Layer 2 — Business Metadata Enrichment
Files: 05_enrichment/business_metadata.yml, 05_enrichment/apply_enrichment.py
The YAML assigns owners, domains, sensitivity classifications (PUBLIC / INTERNAL / CONFIDENTIAL / RESTRICTED), and usage notes to each of the 6 datasets. apply_enrichment.py merges these properties with the DDL column list to produce enriched_catalog.json — a per-table, per-column metadata record.
Layer 3 — Data Quality
Great Expectations
Two expectation suites: acct_master_suite (11 rules) and loan_hdr_suite (10 rules). Key rules:
expect_column_values_to_not_be_null on branch_code → catches 40 nulls
expect_column_min_to_be_between(min_value=0) on bal_amt → catches 3 negatives
expect_column_values_to_be_in_set on acct_type → validates SAV/CUR/LON enum
ODCS Data Contracts
Three contracts in 10_contracts/. Each YAML specifies: schema (column names + types), freshness_sla_minutes, and a list of SQL-based quality rules. The validator executes each rule as a SQL COUNT(*) and compares to the threshold.
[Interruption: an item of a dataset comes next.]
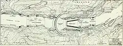 To protect the construction site from the Colorado River and to facilitate the river's diversion, two cofferdams were constructed. Work on the upper cofferdam began in September 1932, even though the river had not yet been diverted.[57] The cofferdams were designed to protect against the possibility of the river's flooding a site at which two thousand men might be at work, and their specifications were covered in the bid documents in nearly as much detail as the dam itself. The upper cofferdam was 96 ft (29 m) high, and 750 feet (230 m) thick at its base, thicker than the dam itself. It contained 650,000 cubic yards (500,000 m3) of material.[58]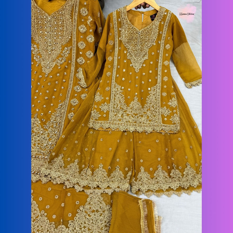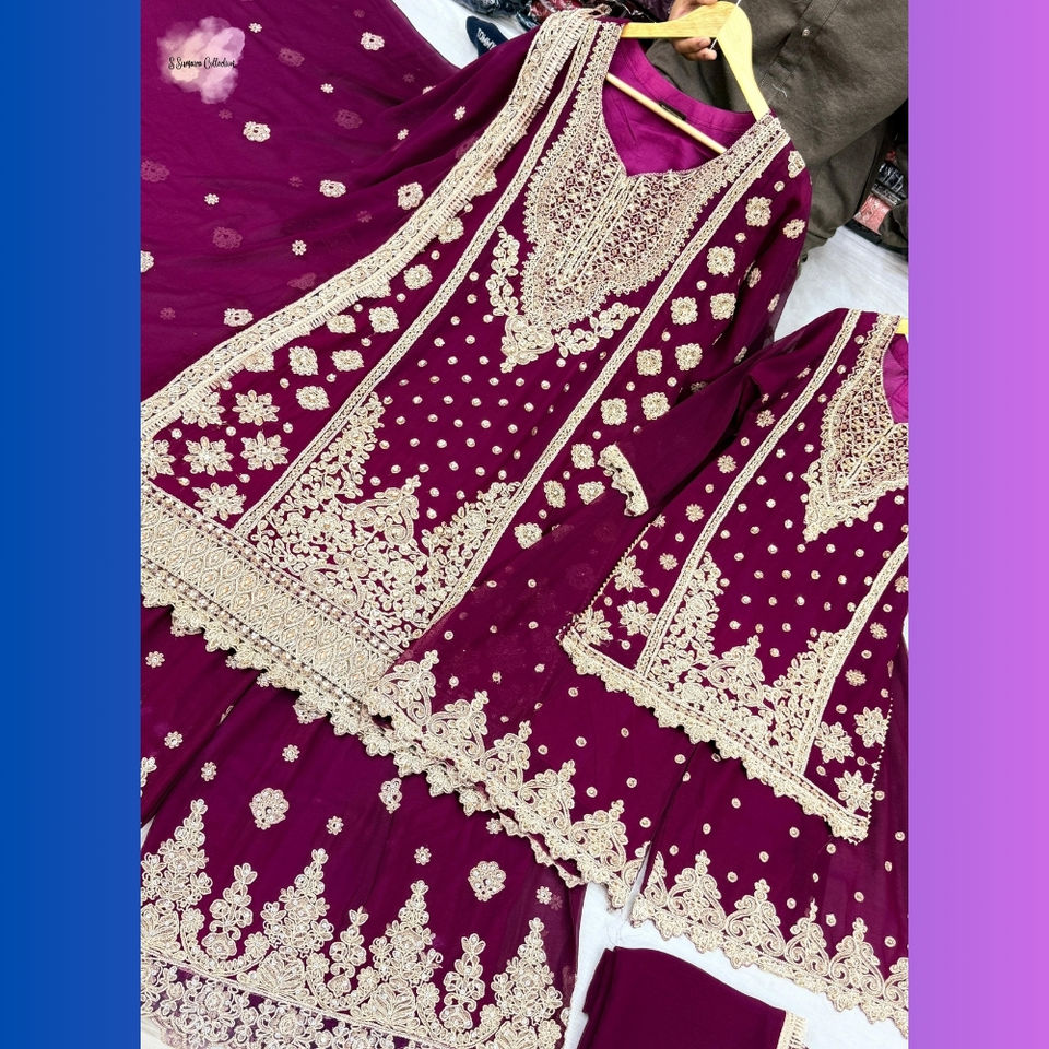 Belle chemise de collection mère fille avec Plazo travail lourd fait à la main sur la chemise et Plazo avec mousseline brodée Dupatta

Wow Moment 2: The savings_account contract rule no_negative_balances FAILS because 3 accounts have bal_amt < 0. This catch happens before data ships to regulatory reporting.
Layer 4 — Semantic Model
dbt Project Structure
08_dbt_project/
├── models/
│ ├── staging/
│ │ ├── stg_acct_master.sql # cast + rename + add acct_age_days
│ │ ├── stg_loan_hdr.sql # add basel3_risk_weight, rwa_amt
│ │ └── stg_txn_log.sql # cast txn_date, normalise channel
│ ├── marts/
│ │ └── customer_360.sql # join stg_acct + stg_loan → exposure
│ └── metrics/
│ └── portfolio_at_risk.yml # 5 dbt metrics definitions
└── profiles.yml # points to postgres :5433
customer_360 Mart — computed fields
| Column | Formula | Purpose |
balance_category | CASE bal_amt: ≥500k PLATINUM, ≥100k GOLD, ≥10k SILVER, else BASIC | Customer segmentation |
overdue_flag | overdue_days > 0 | Loan health indicator |
total_exposure | bal_amt + outstanding_amt | Credit risk view |
total_rwa | SUM(rwa_amt) per customer | Basel III capital requirement |
estimated_car_pct | bal_amt / total_rwa × 100 | Capital adequacy ratio |
car_status | ≥8% ADEQUATE, ≥4.5% MINIMUM, else BREACH | RBI compliance flag |
RDFLib Ontology (banking.ttl)
Class Hierarchy
schema:FinancialProduct
└── bank:BankAccount
├── bank:SavingsAccount # rdfs:comment "SAV accounts, GDPR-annotated"
├── bank:CurrentAccount
└── bank:LoanAccount
└── bank:NPALoan # subclass: overdue_days > 90
GDPR Annotations
bank:cust_id gdpr:personalData "true"^^xsd:boolean
bank:cust_id gdpr:lawfulBasis "contract"
bank:bal_amt gdpr:sensitivity "financial"
Layer 5 — Knowledge Graph
File: 07_knowledge_graph/load_graph.py
Node Labels & Properties
(:Customer {cust_id, name, city, ontologyClass})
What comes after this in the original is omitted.